Acórdão de 2º Grau

Contra a Mulher 0000604-25.2014.8.18.0088


Ementa

EMENTA: PENAL E PROCESSUAL PENAL – APELAÇÃO CRIMINAL – SENTENÇA CONDENATÓRIA – RECURSO EXCLUSIVAMENTE DEFENSIVO – LESÃO CORPORAL EM AMBIENTE DOMÉSTICO (ART. 129, §9º, DO CP) – DESCLASSIFICAÇÃO PARA VIAS DE FATO (ART. 21 DA LCP) – REJEIÇÃO – ACERVO PROBATÓRIO SUFICIENTE À MANUTENÇÃO DA CONDENAÇÃO – RECURSO IMPROVIDO. I. CASO EM EXAME. 1 Apelação Criminal interposta pelo acusado contra a sentença proferida pelo MM Juiz de Direito da Vara Única da Comarca de Capitão de Campos/PI que o condenou à pena de 03 (três) meses de detenção, omisso quanto à fixação do regime inicial, concedendo-lhe o direito de recorrer em liberdade e sendo, ainda, beneficiado com a suspensão condicional da pena, pela prática do delito tipificado no art. 129, §9º, do Código Penal (lesão corporal em ambiente doméstico). II. QUESTÃO EM DISCUSSÃO. 2 O recurso objetiva, tão somente, a desclassificação delitiva para vias de fato (art. 21 da Lei das Contravenções Penais).
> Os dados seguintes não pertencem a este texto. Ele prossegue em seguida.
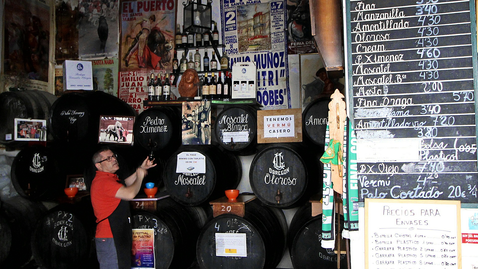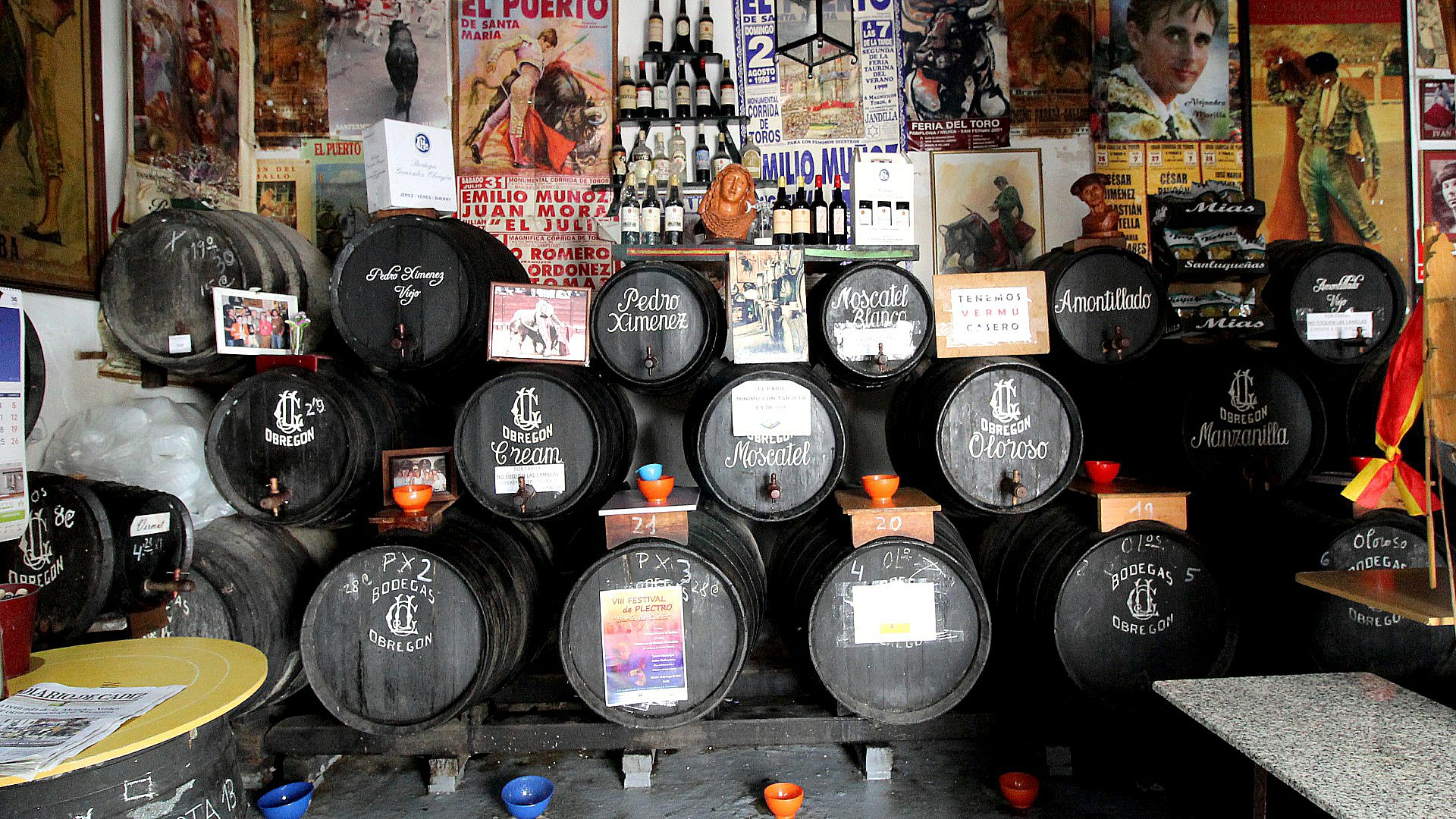 Amid the huge oak barrels of sherry and Gonzales’ collection of gigantic posters of 20th century matadors we three enjoyed una copa de Feria, una copa de Semana Santa and una copa de Navidad together.
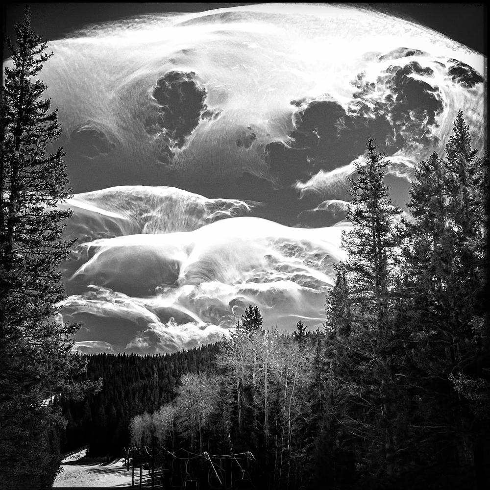 The play of light and shadow on the undulating clouds creates a dynamic and mysterious ambiance. Easy Street, typically a familiar pathway, becomes a magical journey into the unknown. The absence of color accentuates the contrasts, emphasizing the depth and texture of the clouds as they weave through the mountainous terrain.
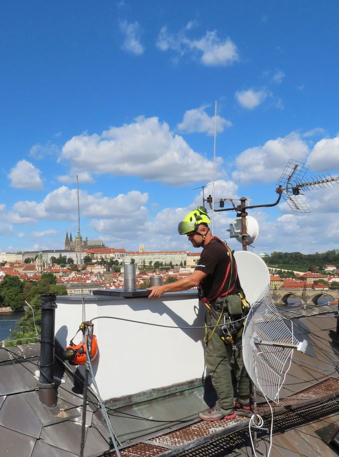 Výškové práce nejen v Praze a okolí. Kvalita, bezpečnost a zkušenosti. Samozřejmostí je platné osvědčení odborné způsobilosti a revize vybavení.
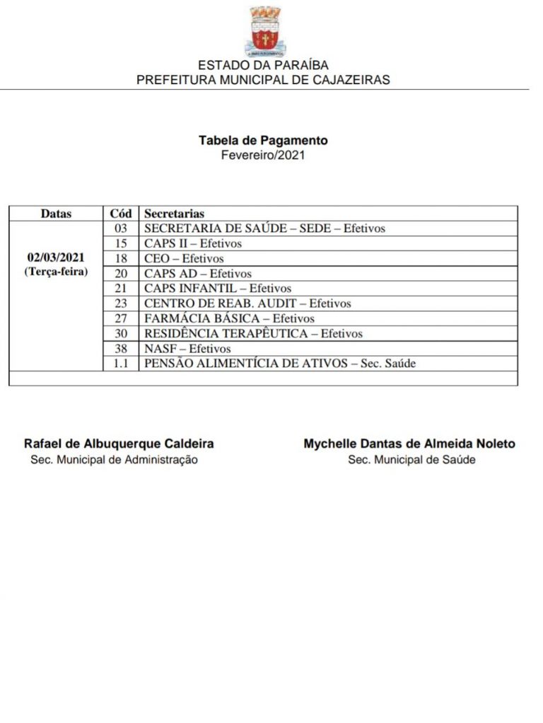 Prefeitura Municipal de Cajazeiras anuncia tabale de pagamento dos servidores. Confira!
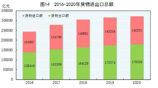 全年货物运输总量[24]463亿吨,货物运输周转量196618亿吨公里。全年港口完成货物吞吐量145亿吨,比上年增长4.3%,其中外贸货物吞吐量45亿吨,增长4.0%。港口集装箱吞吐量26430万标准箱,增长1.2%。
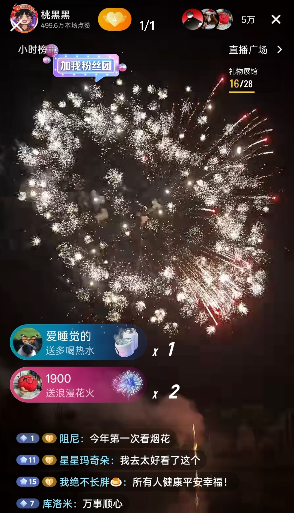 桃黑黑太真诚了,为粉丝放的定制烟花秀,去年今天正式开始成为主播,把这天定为蛋蛋军

III. RAZÕES DE DECIDIR. 3 Por força da comprovação extreme de dúvidas acerca da materialidade, autoria e tipicidade delitivas, torna-se inviável acolher o pleito desclassificatório; IV. DISPOSITIVO E TESE. 4 Recurso conhecido e improvido. (TJPI - APELAÇÃO CRIMINAL 0000604-25.2014.8.18.0088 - Relator: PEDRO DE ALCANTARA DA SILVA MACEDO - 1ª Câmara Especializada Criminal - Data 13/03/2026 )

Acórdão

PODER JUDICIÁRIO DO ESTADO DO PIAUÍ
TRIBUNAL DE JUSTIÇA DO ESTADO DO PIAUÍ

1ª Câmara Especializada Criminal

Apelação Criminal Nº 0000604-25.2014.8.18.0088 / Vara Única da Comarca de Capitão de Campos.

Processo de Origem Nº 0000604-25.2014.8.18.0088 (Ação Penal).

Apelante: José Pereira Memória (RÉU SOLTO).

Advogada: Francisca Ranara da Silva Melo (OAB/PI 23618)1.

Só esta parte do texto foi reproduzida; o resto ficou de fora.